Böyle olmasaydı daha 60'lı yıllarda bizimle aynı düzeyde olan Güney Kore'nin kişi başı milli gelirde şimdi yaklaşık üç katımıza ulaşması, hele şirket ölçeklerinde küresel boyutlara ulaşmış 17 şirketinin dünyanın ilk 500 şirketi arasına girmesi mümkün olur muydu? Korelilerin bu başarısı, tesadüfler ya da şans ile değil, uzun yıllar farklı kamu yönetimlerince kararlılıkla uygulanmış stratejik doğrultu sayesinde gerçekleşmiş ve sonuçları da 80'li yıllarda ortaya çıkmaya başlamıştır. Hiçbir başarı hikayesinde mucizevi ve sihirli bir formül yoktur.

Sorun insan kaynağında değil 

Aslında devleti baba gibi görme refleksi bir yana bırakılırsa insanımızın bir başarı hikayesi yaratma bağlamında oldukça uygun ve esnek bir yapısı var. Nitekim geçtiğimiz aylarda epeyce yankı yapan Richard D.Lewis'ın “ulusların iletişim kalıpları” konusundaki makalesi başka ülkelerin halklarıyla ilişki kurma ve iş yapma açısından Türklerin de oldukça pragmatik olduğunu belirtiyor. Zaten açıkça belirlenmiş kurallar ve yerleşik sistemler söz konusu olduğunda Türk işgücünün çalışkan ve verimli olduğunu, hem yabancı ülkelerde yaşayan yurttaşlarımızdan, hem de Türkiye'de ve dünyadaki çokuluslu şirketlerde başarıyla hizmet veren beyaz ve mavi yakalılarımızdan biliyoruz. Dolayısıyla sorun bir yönüyle ülkedeki iş yapış kültürü, yatırım ortamı ve rekabet koşullarıyla, diğer yönüyle de sermaye sahiplerinin ortaklık ve yönetim yaklaşımı ile ilgili olmalıdır. Bu arada sadece özel kesimin değil, kamu yönetiminin de kısa vadeye odaklanmasının ve zamana dayanıklı stratejileri önceliklendirmemesinin sorunu derinleştirdiğini not etmeliyiz.

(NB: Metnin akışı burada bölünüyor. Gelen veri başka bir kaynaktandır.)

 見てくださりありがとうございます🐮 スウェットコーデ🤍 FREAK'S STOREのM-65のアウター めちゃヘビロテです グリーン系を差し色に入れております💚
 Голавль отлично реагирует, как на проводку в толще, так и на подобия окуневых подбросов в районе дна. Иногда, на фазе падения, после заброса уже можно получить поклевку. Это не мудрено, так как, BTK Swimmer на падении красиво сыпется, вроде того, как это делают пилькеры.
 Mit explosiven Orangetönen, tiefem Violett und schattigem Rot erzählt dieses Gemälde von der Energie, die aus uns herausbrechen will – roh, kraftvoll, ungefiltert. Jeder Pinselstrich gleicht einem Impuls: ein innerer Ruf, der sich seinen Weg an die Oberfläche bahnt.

Hal böyleyken hâlâ piyasa ekonomisinin kurumsal yapı ile ilgili bacağını sağlamlaştırmanın, eğitim reformunun ve inovasyonun değişmez öncelikler olarak benimsenmediğini, sadece konjonktüre odaklı ve ona uyum sağlamakla sınırlı bir ekonomi politikası ile yol almanın öngörüldüğünü görüyoruz. Güçlü teknoloji ve bilim üretme kapasitesi oluşturmadan ve makro dengeler ile ilgili kırılganlıklar giderilmeden büyük devlet olunamayacağını da unutmuşa benziyoruz. Oysa başka örneklere bakmaya gerek yok, bir zamanların süper gücü olan kendi atalarımızın bile endüstri devrimini ıskaladığı ve bilim üretemediği için nasıl çözülüverdiğini hatırlamamız yeter.

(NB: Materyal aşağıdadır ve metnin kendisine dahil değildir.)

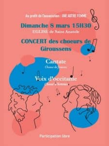 À l’occasion de la journée du 8 mars, l’église Saint Anatole accueillera un concert réunissant les deux chœurs de Giroussens. Le chœur de femmes Cantate et le chœur d’hommes Voix d’Occitanie proposeront un programme varié, fruit de leur travail et de leur engagement au sein de la commune.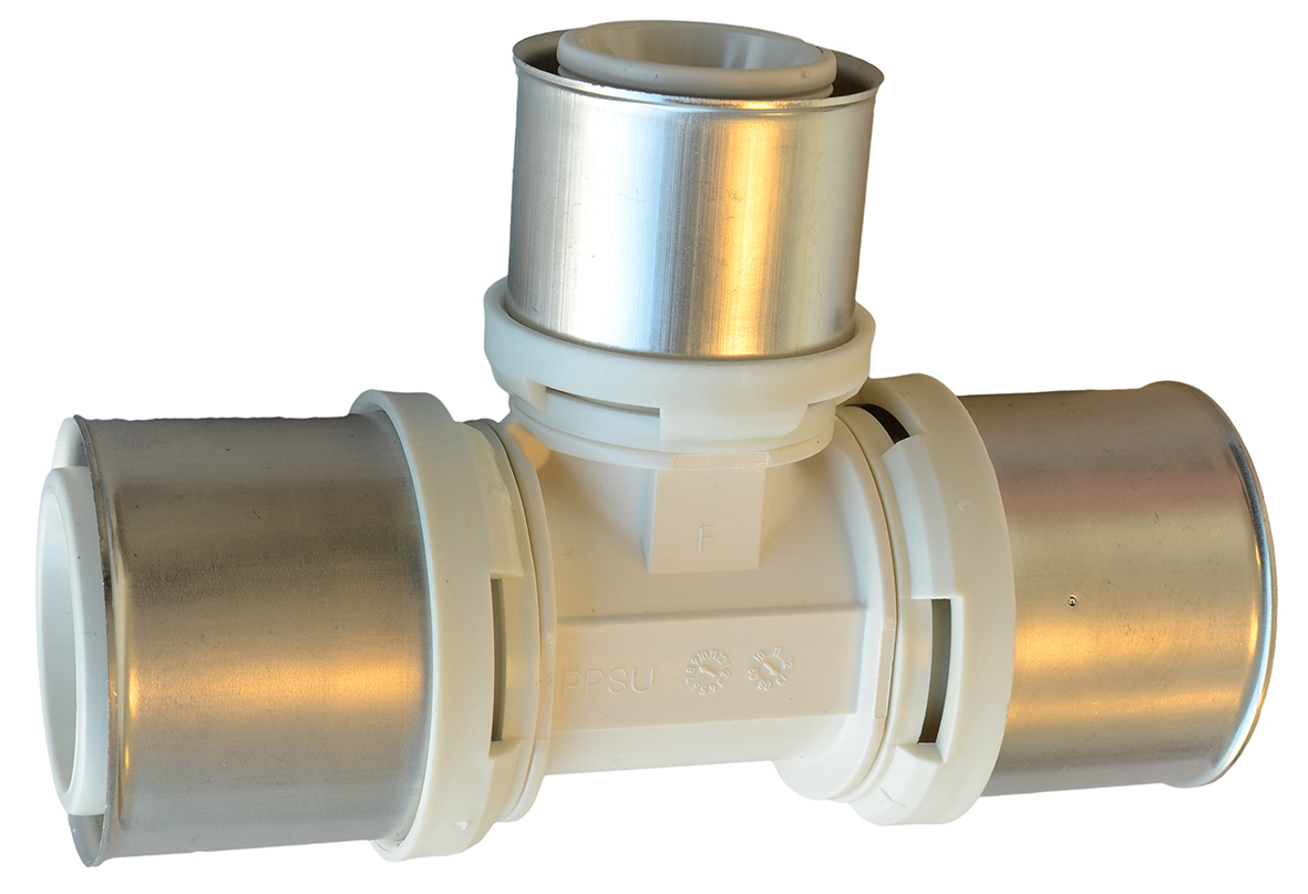 Fränkische Alpex L press T-rör med reducering. Material PPSU.

Uzun erimli gerçekçi stratejiler üzerinde toplumsal uzlaşma sağlamadan çarpıcı başarı hikayesi yazamayacağımız açık. Unutmayalım ki sadece lider ekonomi olmak için değil, doğru dürüst bir taşeron ekonomisi olmak için de stratejik kararlılık gerekir.